Milan Kučan | |
---|---|
1st President of Slovenia | |
In office 8 October 1991 – 22 December 2002 |
|
Prime Minister |
Lojze Peterle Janez Drnovšek Andrej Bajuk Janez Drnovšek Anton Rop |
Preceded by | Position established |
Succeeded by | Janez Drnovšek |
Personal details | |
Born |
Križevci, Drava Banovina, Kingdom of Yugoslavia |
14 January 1941
Spouse(s) | Štefka Kučan |
Religion | Lutheran |
Milan Kučan (pronounced [ˈmíːlaŋ ˈkúːt͡ʃan]; born 14 January 1941) is a Slovenian politician and statesman who was the first President of Slovenia from 1991 to 2002.
Milan Kučan, one of five children, was born in a Lutheran teachers' family. He was raised in the village of Križevci, located in the largely agrarian border region of Prekmurje in the Drava Banovina of the Kingdom of Yugoslavia (present-day Slovenia). His father Koloman died during World War II. Kučan's family spent World War II in occupied Serbia, where over 58,000 other Slovenes were resettled from Slovenia by the Nazis.
Milan Kučan later studied law at the University of Ljubljana and soon became involved in the Communist political organizations of the time. In 1968, he became the president of the Slovene Youth Association, then secretary of the Socialist Alliance of the Working People of Slovenia (a central organization, created to unite all civil society associations under one roof) between 1974 and 1978. He rose to speaker of the National Assembly in 1978, and in 1982 he became representative for the Slovene Communists in the League of Communists of Yugoslavia's Central Committee in Belgrade.
In 1986, he became the leader of the League of Communists of Slovenia.
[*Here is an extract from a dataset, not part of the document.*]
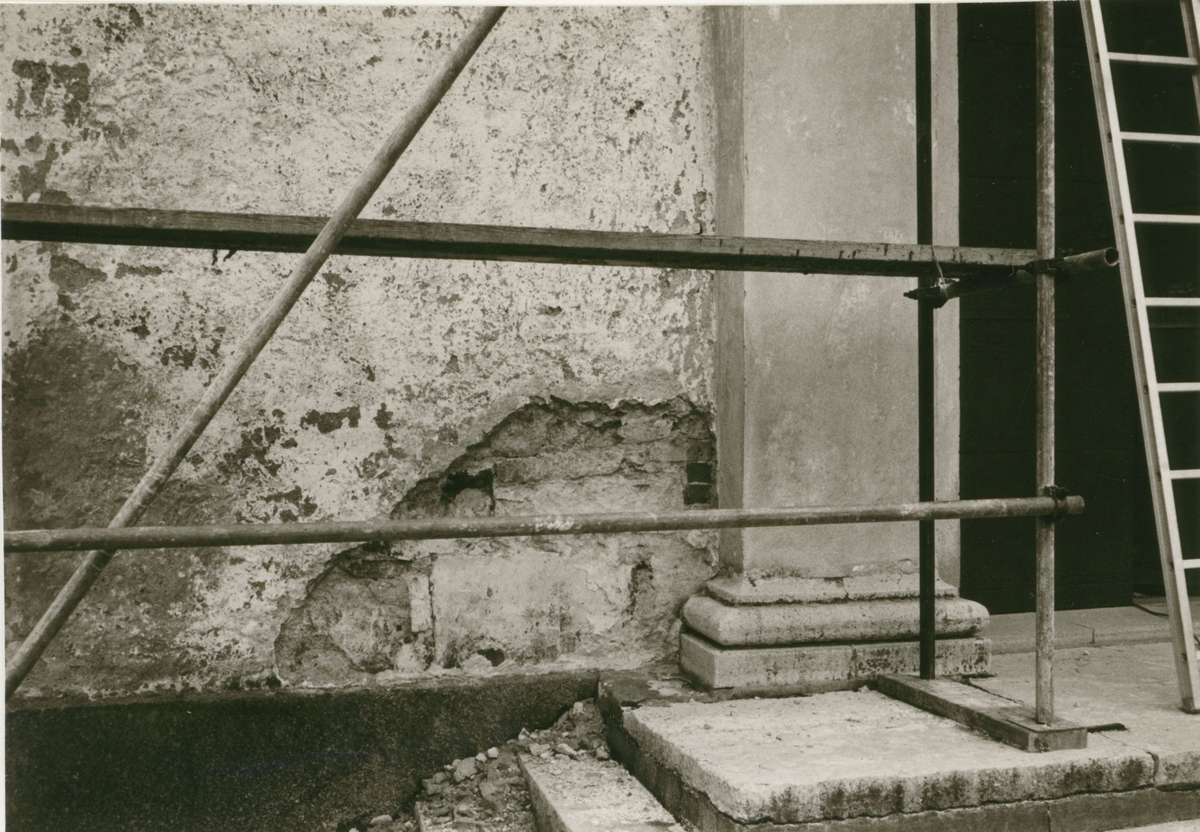 Västra tornfasaden norr om sydportalen i Madesjö kyrka, detalj.

At that time, liberal and democratic sentiment started to grow in Slovenia, as opposed to the political atmosphere of Belgrade and Serbia under Slobodan Milošević. Advocating in favour of human rights and European democratic values and principles, Kučan, his party and Slovenia faced increasingly severe political confrontations with Belgrade and Serbia. On 23 January 1990, Kučan and the Slovene delegation left the Party Congress. This led to the collapse of the League of Communists of Yugoslavia, one of the pillars of the political system of the Socialist Yugoslavia.